As the independent probe into racism at VMI got underway in 2021, Daniel and other classmates set out to defend their alma mater’s reputation.
“First statement here I’d like to say is that everybody should understand that we are strongly opposed to racism or discrimination of any kind,” Daniel told viewers in a PAC webinar in early 2021. “And that’s a principle by which we all stand and should play out throughout everything that we do and talk about.”
After the investigation by the law firm Barnes & Thornburg found a “racist and sexist culture” at VMI and called for change, Daniel criticized the findings as flawed, arguing they were not based on enough data or survey results. He has been especially offended by VMI’s embrace of “equity.”
At a PAC meeting that was live-streamed in November, Daniel told attendees that “equity” is different from “equality,” and claimed it was linked to “Marxist philosophies” and “critical race theory.”
“We don’t have any problem with diversity ... VMI’s always embraced diversity,” Daniel told the crowd in Richmond. “We don’t have any problem with inclusion, VMI’s always embraced inclusion.”
VMI says on its website that the equity component of its DEI program means, “recognizing that we do not all start from the same place and must acknowledge and make adjustments to address historical and existing discrimination.”
Wins’s close friend and senior-year roommate, Davis Estes — who ran track with Daniel and attended his wedding — said Daniel and the PAC are demonizing equity.
“In my estimation, the PAC’s long-term fear is that VMI will no longer cater primarily to young white males, and white male enrollment will decline and be overshadowed by minority and female matriculation,” said Estes, 59, a Black former financial adviser who lives in Richmond. “They will promote DEI and any cultural changes the superintendent fosters as critical race theory and as the boogeyman poised to destroy VMI. They will utilize conservative print and radio media to promote their fight against change and maintain themselves as victims.”
‘Defender of legacies’
It was Daniel’s final moment as class agent. His column for the VMI alumni magazine reminisced about the class reunion in August when several 1985-ers visited Lexington, played golf and floated down the nearby Maury River.

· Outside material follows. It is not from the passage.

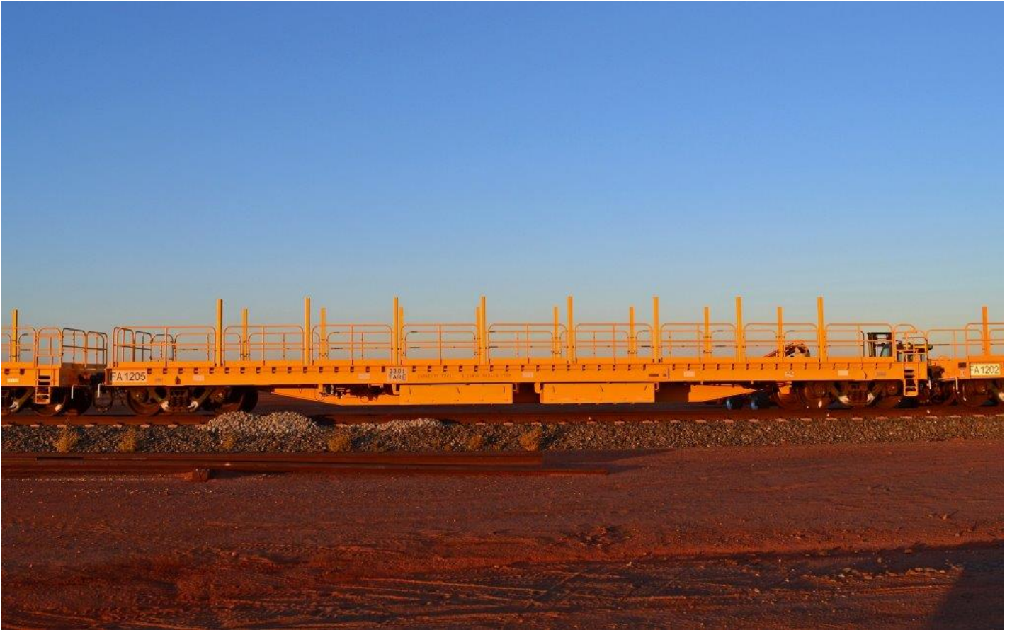
Roy Hill flat wagon FA1205, 7 th September.

“No other class does what ‘85 does — not even close,” he wrote late last year.
But he said he’d been asked by a VMI friend whether his duties as class agent conflicted with his role as chairman of the Spirit of VMI.
“I have done my level best to keep this job (VMI class agent ‘85) separated and segregated from my other unpaid job (defender of legacies against unfair and unfounded assaults),” he wrote.
Still, he’d decided he should step down as 1985 class agent: “So, there it is, fellows and friends and fans of ‘85. These are my last class notes.”
For Daniel, the Spirit of VMI took precedence.